STEP 2: Tree Objects
Imagine Git only had blobs, then it would something like this
Blob_123: “function hello() {“
Blob_456: ” return ‘world’;”
Blob_789: “}”
But you’d have NO WAY to know:
Which files these belong to, how they’re organized in directories and what the project structure looks like
Trees solve this by creating a “map” of your project. Trees are why Git can track your entire project structure, not just the file.
Without trees: “I have file content X, Y, Z”
With trees: “At 3:15 PM, my project looked exactly like THIS”
Think of a tree object like a folder contents listing or a table of contents:
NEW: blob for main.js (new content)
NEW: tree for src/ (points to new main.py blob, same utils.py blob)
REUSE: tree for docs/ (unchanged)
REUSE: blob for server.js (unchanged)
REUSE: blob for README.md (unchanged)
REUSE: blob for config.json (unchanged)
NEW: root tree (points to new src/ tree, same docs/ tree)
Trees helps to compare faster. Only changed objects are created! Unchanged parts are reused which is known for it’s snapshot based storage. A tree object contains a list of entries, each with:
Trees reveal how Git thinks about your project as a hierarchical structure of content, not just collection of files!
This is why Linus designed Git this way: it’s fundamentally a filesystem that takes complete snapshots, not a version control system that tracks changes. The tree object is what makes this snapshot approach possible and efficient.
Step 3: Creating the Commit Object
What is Commit?
Commit is nothing but taking a picture of your content, which is also called as snapshot
This is where Git creates the actual commit that will become part of your project’s history. Let me break down exactly what happens:
What Gets Stored in the Commit Object
The commit object is a plain text file that contains:
tree 8f4a8b8e7d8e8f8a8b8e7d8e8f8a8b8e7d8e8f8a
parent a1b2c3d4e5f6a1b2c3d4e5f6a1b2c3d4e5f6a1b2
author Arma Sahar 1698765432 +0000
committer Arma Sahar 1698765432 +0000
The commit object is the crucial piece that ties your snapshot to the project’s history and provides all the metadata needed to understand who did what and when.
Now that we have all the details ready, Git needs to know where to attach the new commit in your project’s history. That’s when it needs to update Head
Step 4: Update HEAD
But what is Head?
HEAD is Git’s way of answering the question: “Where am I right now in my project’s history?”
What does Head contains?
This means I am currently I am on my main branch, it contains the location I am at.
Git uses the HEAD to determine where to record the new commit. If HEAD points to a branch, then that branch is updated to point to the new commit. If HEAD is detached, then HEAD itself is updated to the new commit.
STEP 5: Update branch reference
In Git, a branch is essentially a pointer to a commit. The branch reference is stored in the .git/refs/heads/
directory as a file named after the branch.

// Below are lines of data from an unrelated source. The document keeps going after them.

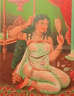 Pramoda Sundari images depict a woman sitting with several grooming products, brushing her hair while holding a mirror before her face. The paintings show an objectified representation of women engaged in self-care.[1][2]
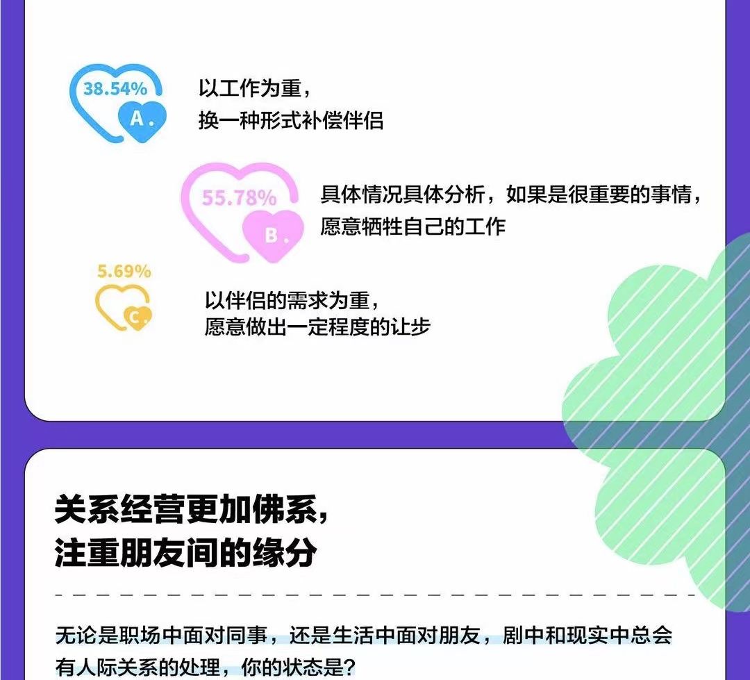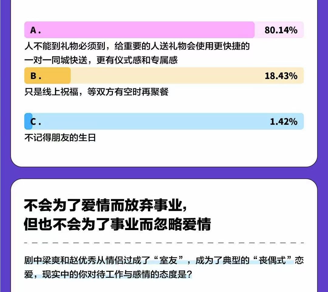 剧中关晓彤饰演的梁爽忙于电商直播,和摄影师男友赵优秀从情侣过成“室友”,成为典型的“丧偶式”恋爱,现实中的你对待工作与感情的态度是? 55.758%选择“具体情况具体分析,如果是很重要的事情,愿意牺牲自己的工作。”5.681%的网友,以伴侣的需求为重,愿意做出一定程度的让步。38.561%的认为,“以工作为重,换一种形式补偿伴侣。”
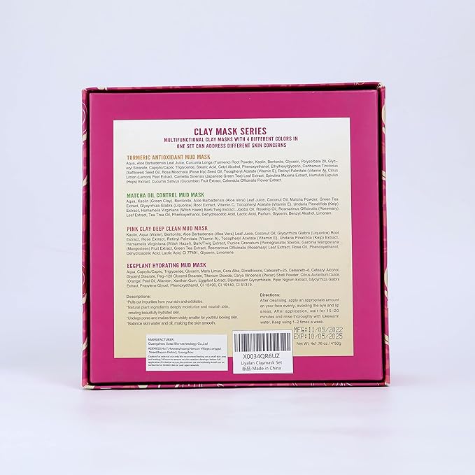 - The box contains 4 quite popular clay masks of LIYALAN,with matcha clay mask 50g,Pink Clay Mud Mask 50g, Eggplant mud mask 50g,Turmeric clay mask 50g,solving various kinds of skin problems at one set.One mask brush and a hair band are giveaway for your convenience

What “Update Branch Reference” Means
When we “update the branch reference,” we’re simply changing the content of that text file to point to a new commit.
If Git created the commit but didn’t update the branch reference:
The commit would exist in the database -> But no branch would point to it -> It would be “lost” (hard to find) in the object database -> git log wouldn’t show it -> It could be garbage collected eventually.
At last Index is updated and it reset its area for the next commits. This is why after a commit, your staging area is clean and ready for the next set of changes you want to prepare for committing!
Git succeeded not because it was designed as version control, but precisely because it wasn’t.